Virgil takes on the task because he is asked. In the poem the exiled Dante is lost and frightened and in need of rescue. In this he resembles Wordsworth who experienced a “treacherous desertion” of the soul when the French Revolution turned into the Terror. Wordsworth was rescued through the support of his sister Dorothy and the intervention of Nature (see HP, p142.) For Dante the rescue comes through the intervention of Beatrice. In the poem she is the agent of divine grace. In his commentary “The Figure of Beatrice” Charles Williams points out that Beatrice cannot command Virgil. She may astonish him by her beauty—“Her eyes outshone the firmament.” (Inf II, 55)— but his assistance in rescuing Dante is ultimately a matter of courtesy. (Williams quote Tyndal’s translation of St Paul: “Love suffereth long and is courteous.”) Virgil accepts her request, but it is only when his ghostly form is addressed by Dante, who appeals for help, that he takes on a corporeal form and the dialog can begin (Inf. I,65). In the journey through Hell and Purgatory the bond between Dante and Virgil increases until in the sacred wood of the earthly paradise Virgil departs and Dante is “orphaned”. This takes place when Beatrice appears in a magnificent pageant and Dante turns to Virgil, quoting a passage from the Aenaed relating to Dido and her love for Aeneus, only to find Virgil has departed, his task being completed (Perg. XXX, 46).
It is easy to miss the utter strangeness of Virgil’s commission. Beatrice and Virgil belong to different theological universes separated by a great gulf. Her system centers on a single all loving and all powerful god. Virgil had cried: Can there be so much anger in the hearts of the heavenly gods? He could equally well have been a Himalayan Buddhist believing in many terrifiying earth spirits and mountain gods. How can she be sure he has changed to her system of belief? But Beatrice does not quibble about his theology. They are united in courtesy: he understands her compassion, she accepts his autonomy as a poet. It is as a poet that he can speak to Dante.
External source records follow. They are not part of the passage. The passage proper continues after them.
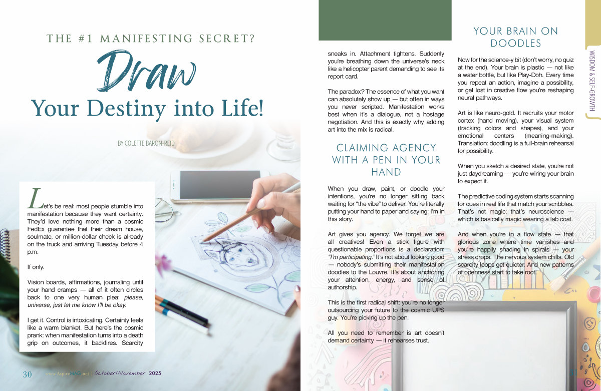 The paradox? The essence of what you want can absolutely show up— but often in ways you never scripted. Manifestation works best when it’ s a dialogue, not a hostage negotiation. And this is exactly why adding art into the mix is radical.
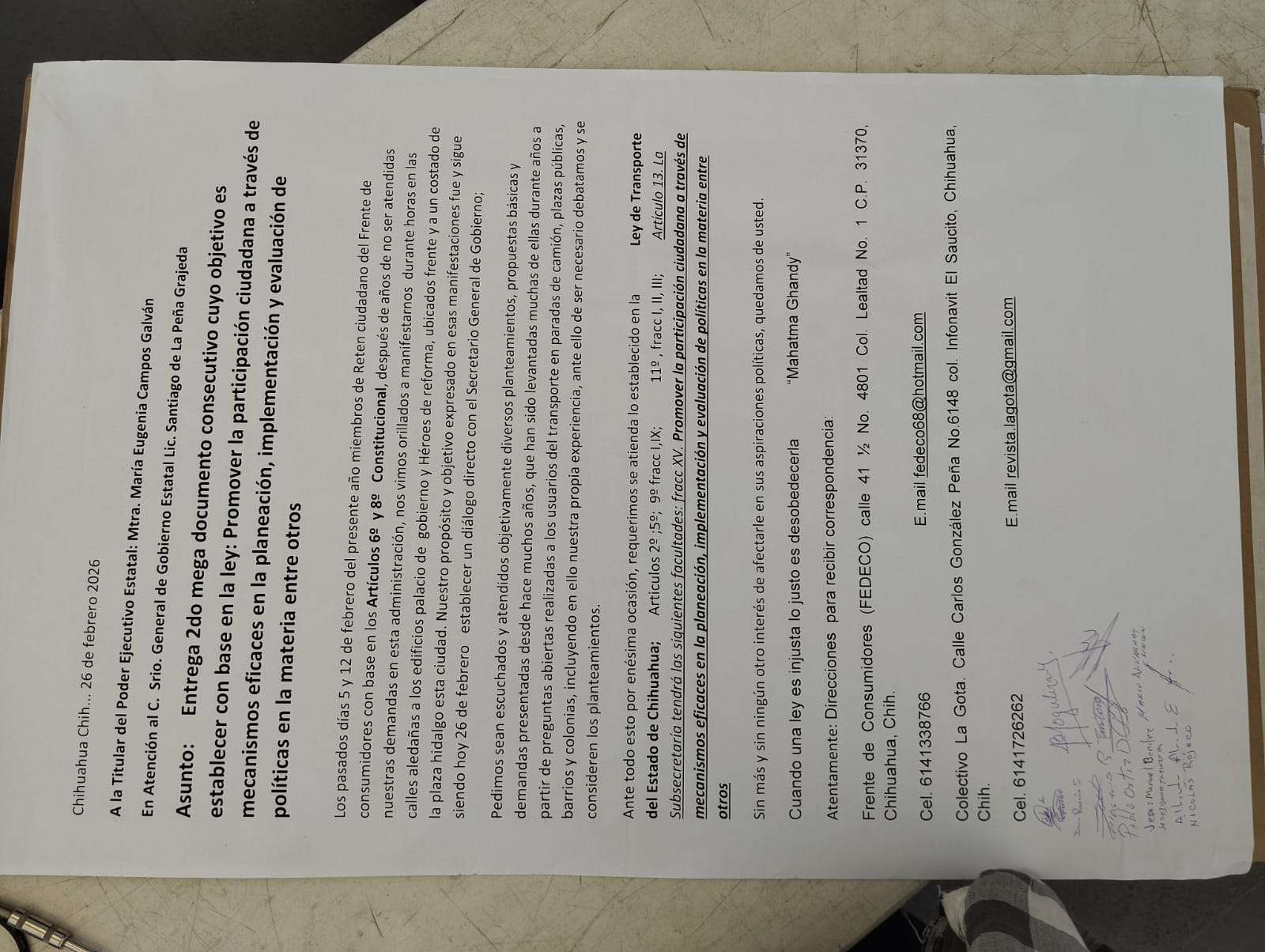 Ante la falta de diálogo con el secretario general de Gobierno del Estado, Santiago de la Peña, el grupo elaboró un macrodocumento que usarán durante las protestas, con el objetivo de presentar sus demandas y entablar un diálogo con las autoridades.
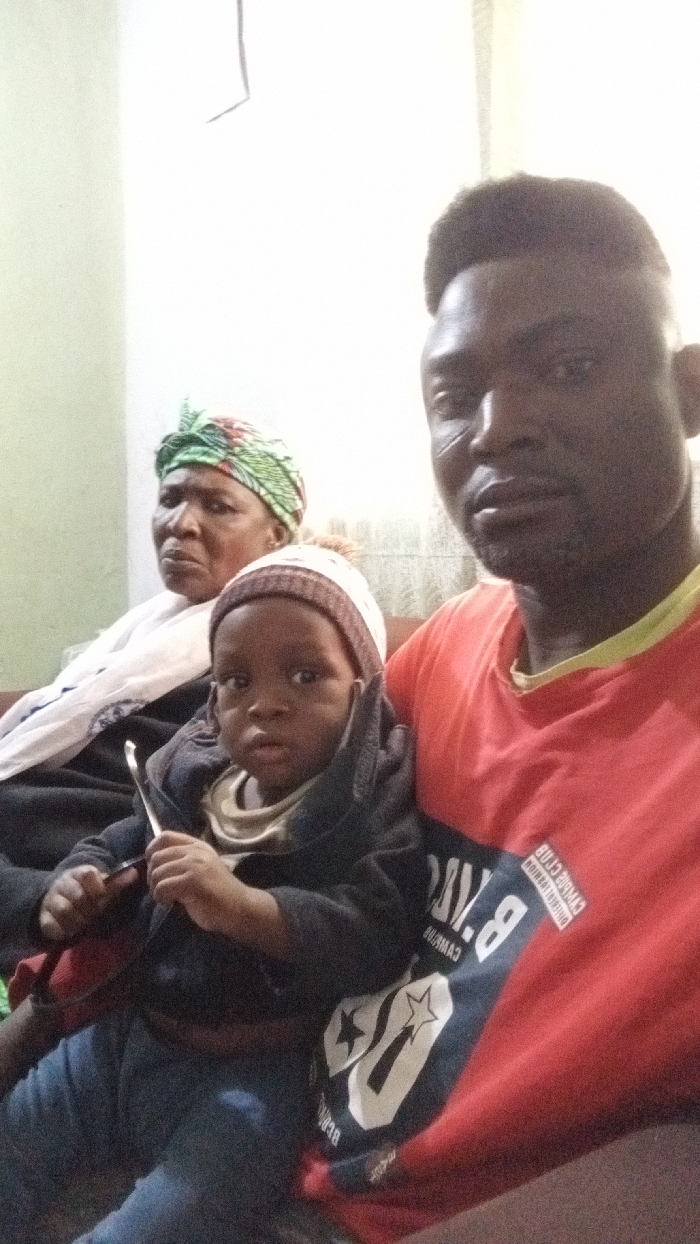 An indoor medium shot, taken in Unguwan Dosa, Nigeria, depicts three individuals seated. On the right, an adult male with dark skin and short dark hair wears a red short-sleeved t-shirt featuring a white and black graphic design including the letters 'B.Y.O.' He looks directly into the camera. An infant, also with dark skin, is positioned in front of the adult male, wearing a light-colored knitted beanie with a pompom, a dark long-sleeved jacket, and a light undershirt. The infant holds a metallic spoon in the right hand and looks towards the camera. To the left, an older woman with dark skin wears a green, orange, and white patterned headwrap and a white shawl draped over a dark garment. She faces slightly left of the camera. The background consists of a plain, light-colored wall.
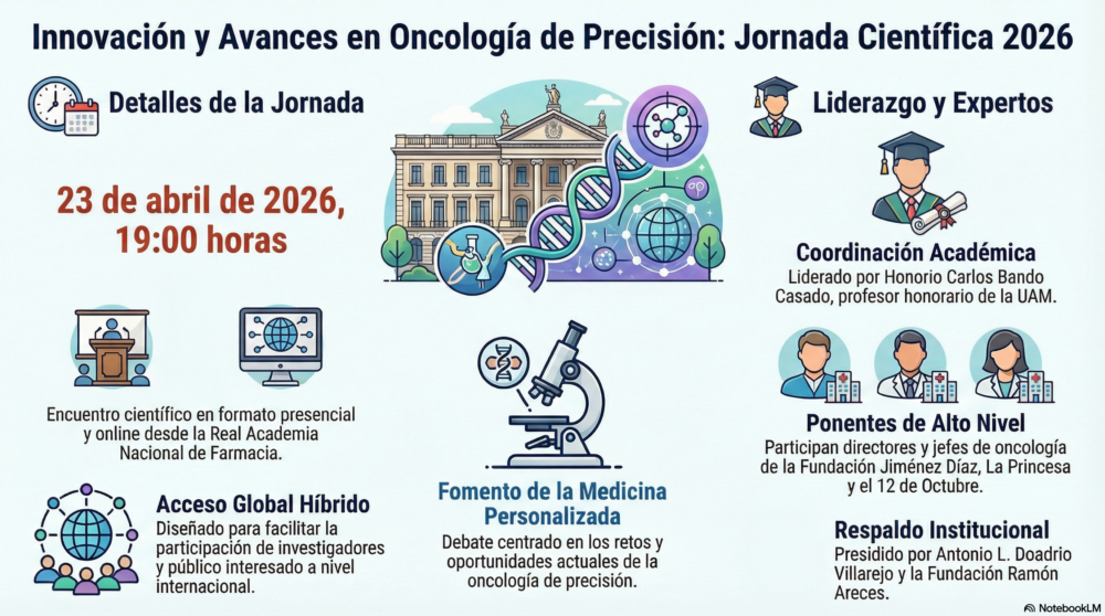 La Real Academia Nacional de Farmacia de España acogerá el jueves 23 de abril de 2026, a las 19:00 horas, la jornada científica “Innovación y avances en oncología de precisión”, una cita centrada en uno de los ámbitos más dinámicos de la medicina actual. El encuentro se celebrará en formato presencial y online, con el objetivo de facilitar la participación de profesionales, investigadores y público interesado en los nuevos desarrollos de la oncología personalizada.
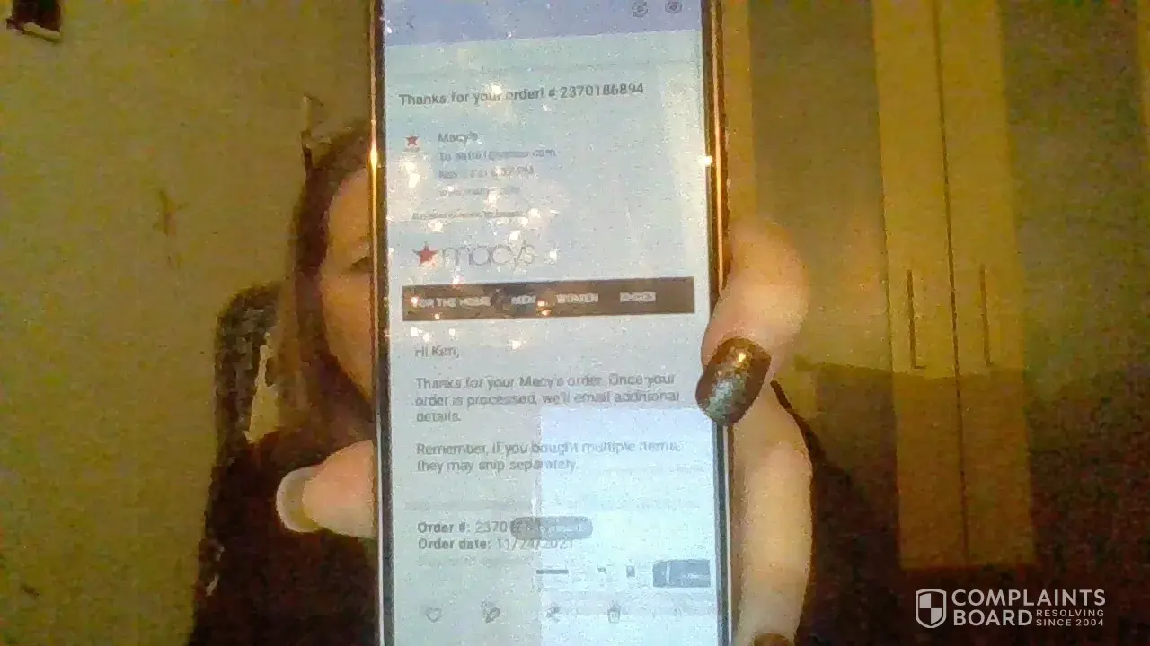 Macy's Order #[protected]

Addendum: The classical sublime
The Golden Bough; J.M.W. Turner, exhibited 1834, Tate Gallery. The Sibyl holds a sickle and the freshly cut bough in front of Lake Avernus, the legendary gateway to the Underworld. There are earlier more literal versions. A 1798 version is in the Tate Gallery. "Lake Avernus: Aeneas and the Cumaean Sybyl," 1814-15, is in the Yale Center for British Art. The 1834 version relates to Claud's Aeneus paintings and to Turner's Claud-inspired Carthage paintings. In these late Turner's the gold has taken over the painting. Sir James Frazer in Chapter 1 of the Golden Bough wrote: "Who does not know Turner's picture of the Golden Bough?"